For the data below, transcribe the part that opens with the line containing "Beautiful coffee mug" and closes with the line containing "Diamante Bow Embellished", exactly and with no pictures.

[SOURCE DATA]
[Start of section]
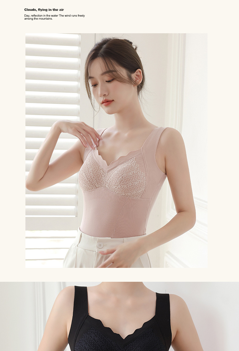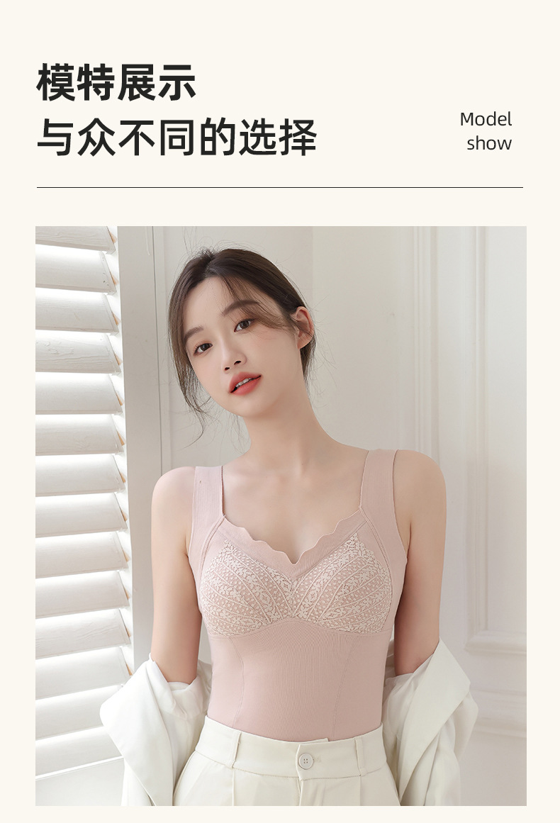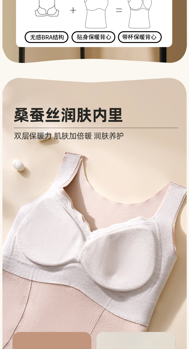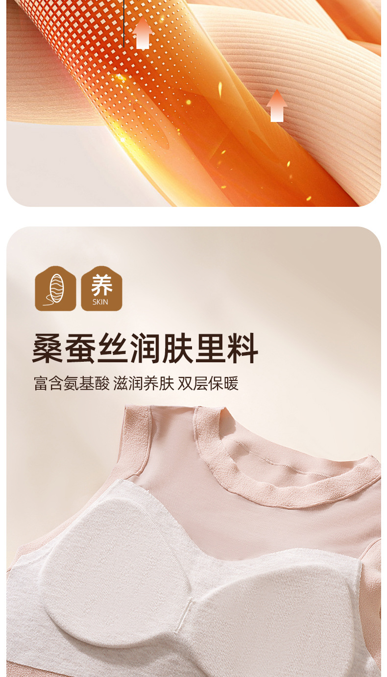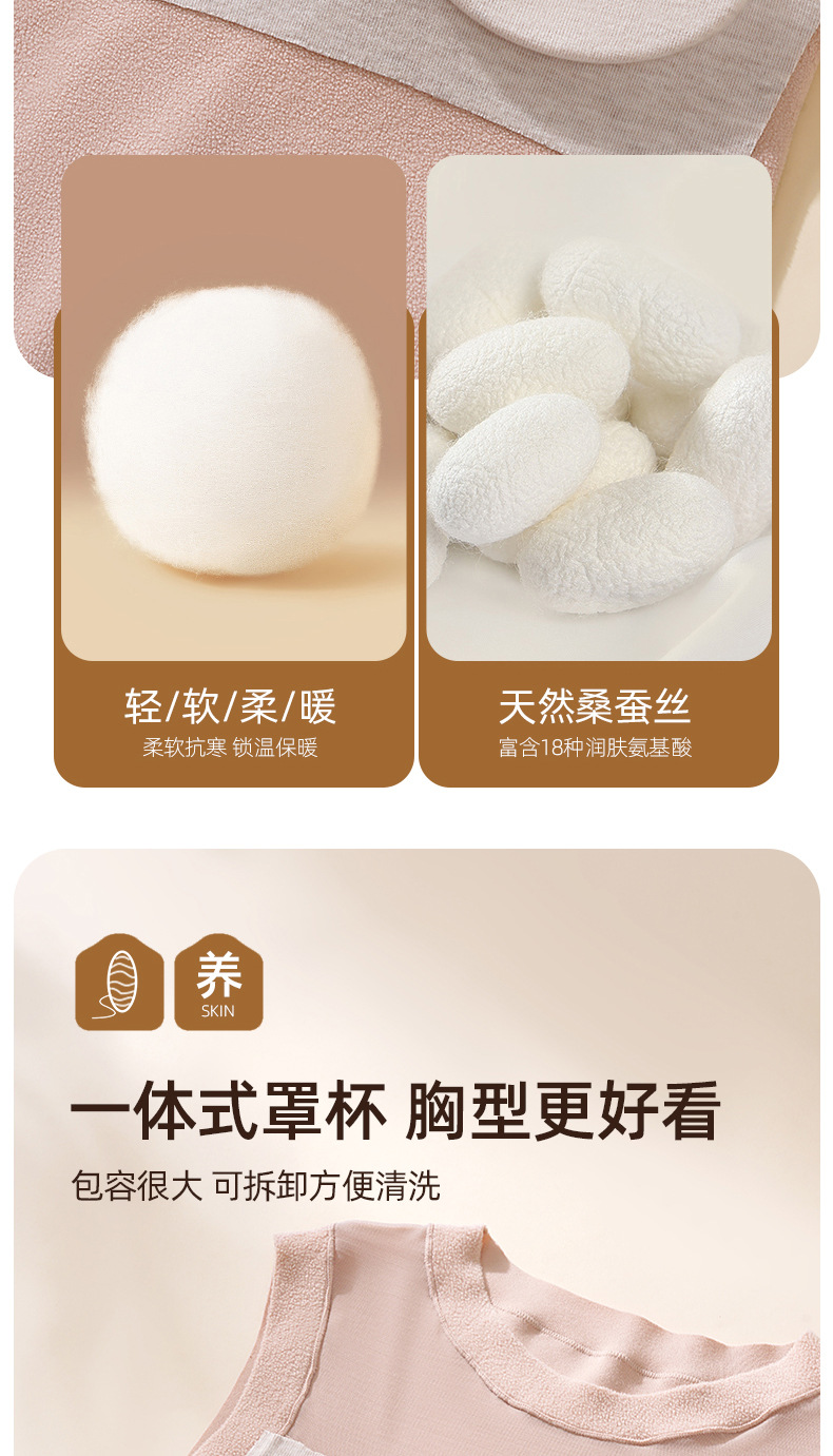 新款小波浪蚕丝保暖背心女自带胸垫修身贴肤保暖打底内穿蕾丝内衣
[End of section]
[Start of section]
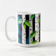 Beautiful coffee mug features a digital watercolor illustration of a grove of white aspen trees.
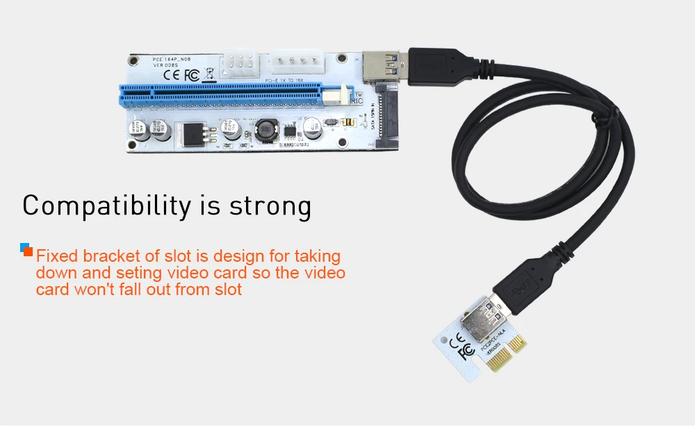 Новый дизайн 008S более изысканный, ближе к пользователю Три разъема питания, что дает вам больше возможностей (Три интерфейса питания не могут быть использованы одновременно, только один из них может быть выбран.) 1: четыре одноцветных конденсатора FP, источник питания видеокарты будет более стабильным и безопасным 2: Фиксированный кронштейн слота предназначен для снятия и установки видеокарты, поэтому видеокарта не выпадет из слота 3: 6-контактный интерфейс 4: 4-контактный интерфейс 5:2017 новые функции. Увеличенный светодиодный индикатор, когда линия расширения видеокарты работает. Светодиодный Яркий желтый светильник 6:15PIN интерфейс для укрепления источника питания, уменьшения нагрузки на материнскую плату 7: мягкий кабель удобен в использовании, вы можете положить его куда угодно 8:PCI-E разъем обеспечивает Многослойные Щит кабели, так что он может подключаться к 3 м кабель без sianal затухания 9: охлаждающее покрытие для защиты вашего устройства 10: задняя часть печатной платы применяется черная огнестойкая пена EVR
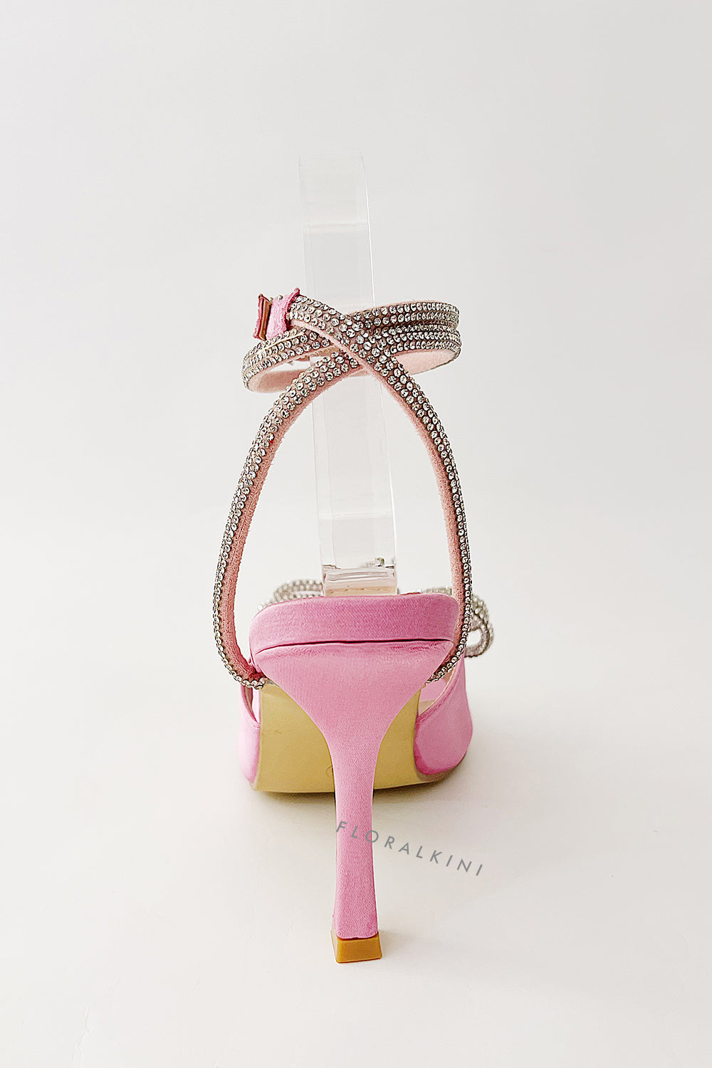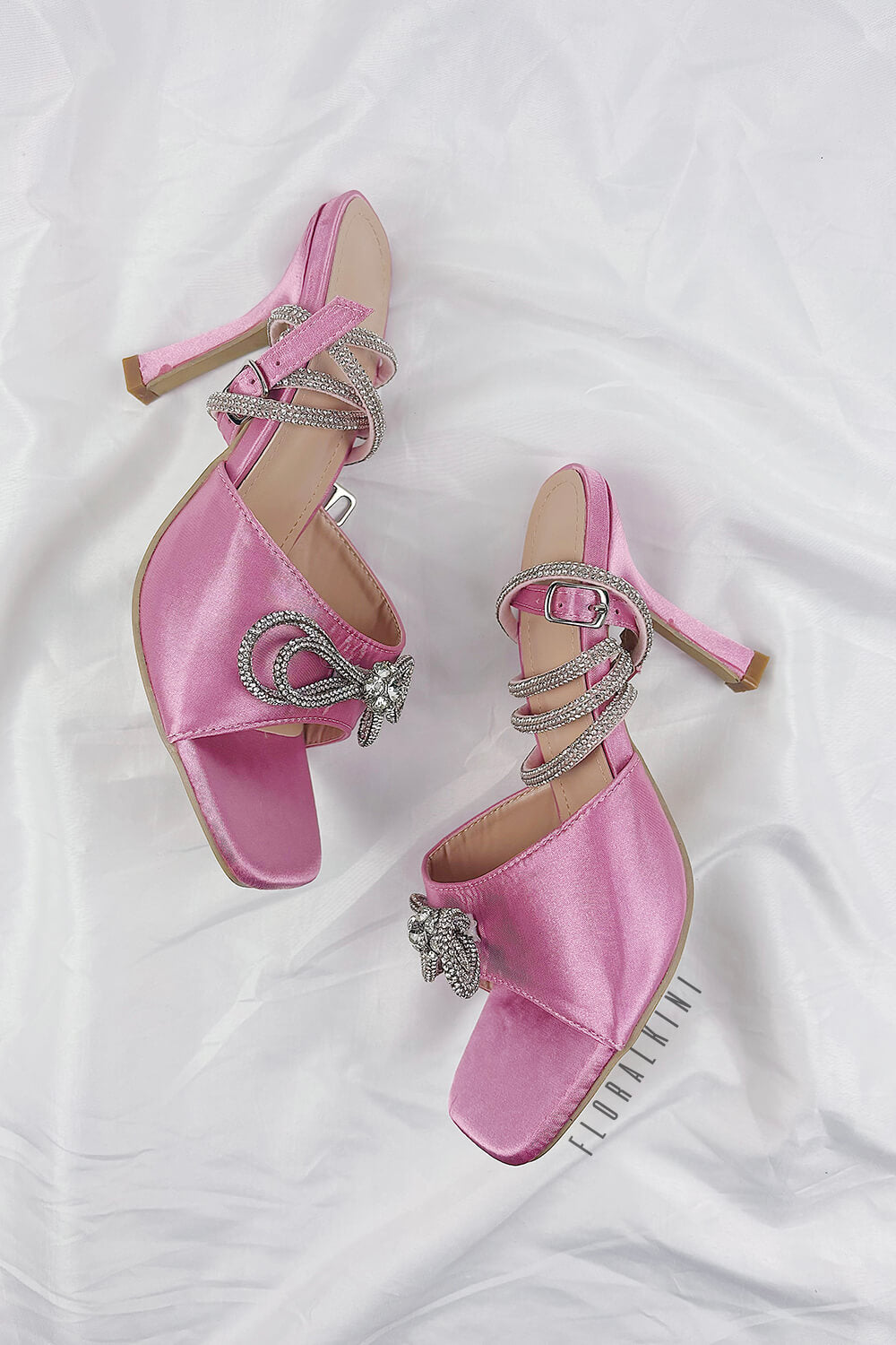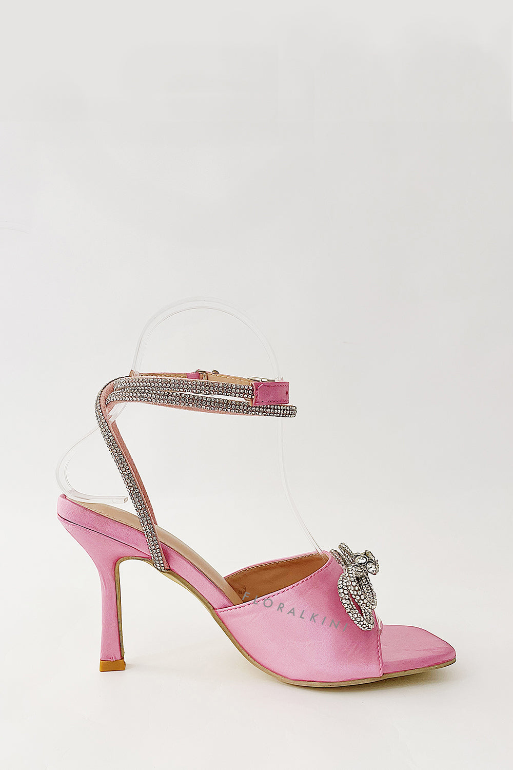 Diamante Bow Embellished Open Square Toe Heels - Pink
[End of section]
[Start of section]
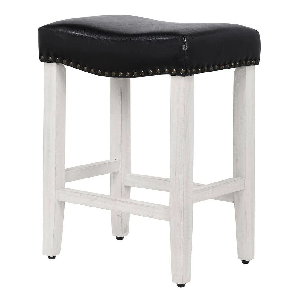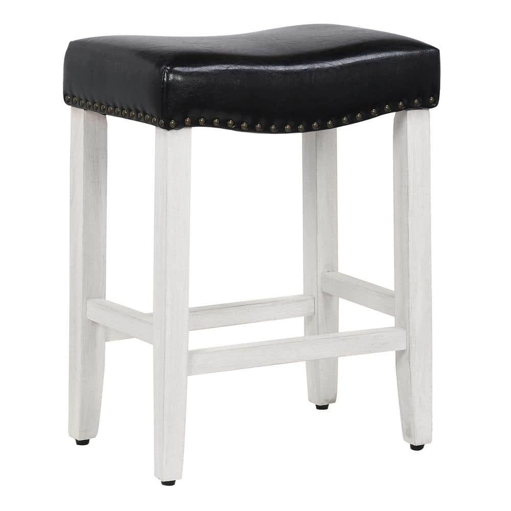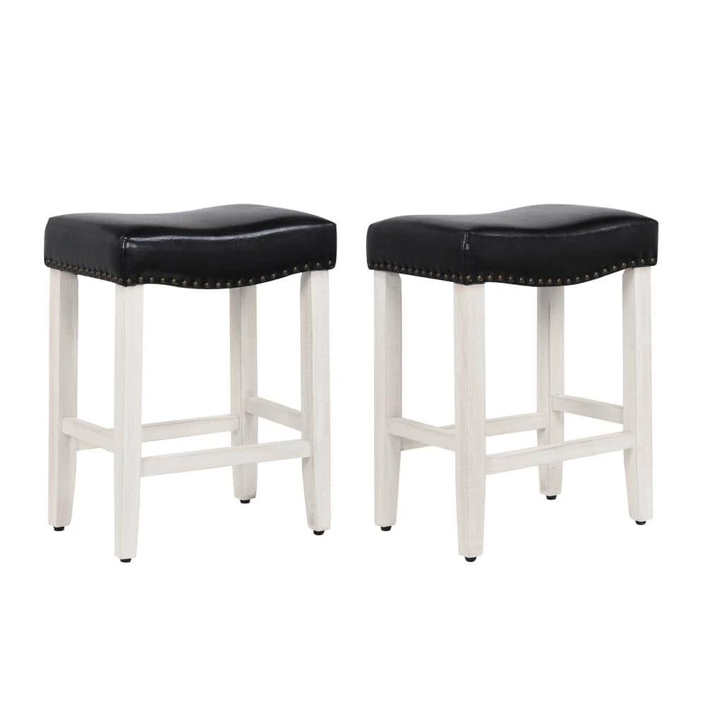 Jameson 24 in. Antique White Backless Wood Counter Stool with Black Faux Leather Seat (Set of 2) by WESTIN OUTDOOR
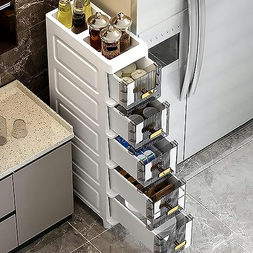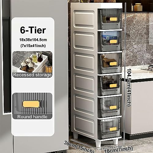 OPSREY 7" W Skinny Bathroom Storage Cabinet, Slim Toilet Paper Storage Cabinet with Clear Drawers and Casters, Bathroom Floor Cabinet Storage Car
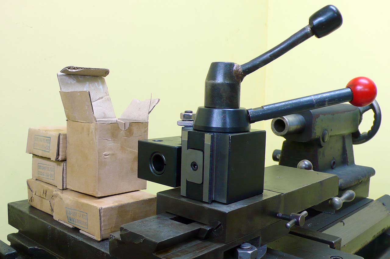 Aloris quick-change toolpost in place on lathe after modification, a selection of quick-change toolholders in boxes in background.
[End of section]
[EXERCISE RESULT]
 Beautiful coffee mug features a digital watercolor illustration of a grove of white aspen trees.
 Новый дизайн 008S более изысканный, ближе к пользователю Три разъема питания, что дает вам больше возможностей (Три интерфейса питания не могут быть использованы одновременно, только один из них может быть выбран.) 1: четыре одноцветных конденсатора FP, источник питания видеокарты будет более стабильным и безопасным 2: Фиксированный кронштейн слота предназначен для снятия и установки видеокарты, поэтому видеокарта не выпадет из слота 3: 6-контактный интерфейс 4: 4-контактный интерфейс 5:2017 новые функции. Увеличенный светодиодный индикатор, когда линия расширения видеокарты работает. Светодиодный Яркий желтый светильник 6:15PIN интерфейс для укрепления источника питания, уменьшения нагрузки на материнскую плату 7: мягкий кабель удобен в использовании, вы можете положить его куда угодно 8:PCI-E разъем обеспечивает Многослойные Щит кабели, так что он может подключаться к 3 м кабель без sianal затухания 9: охлаждающее покрытие для защиты вашего устройства 10: задняя часть печатной платы применяется черная огнестойкая пена EVR
 Diamante Bow Embellished Open Square Toe Heels - Pink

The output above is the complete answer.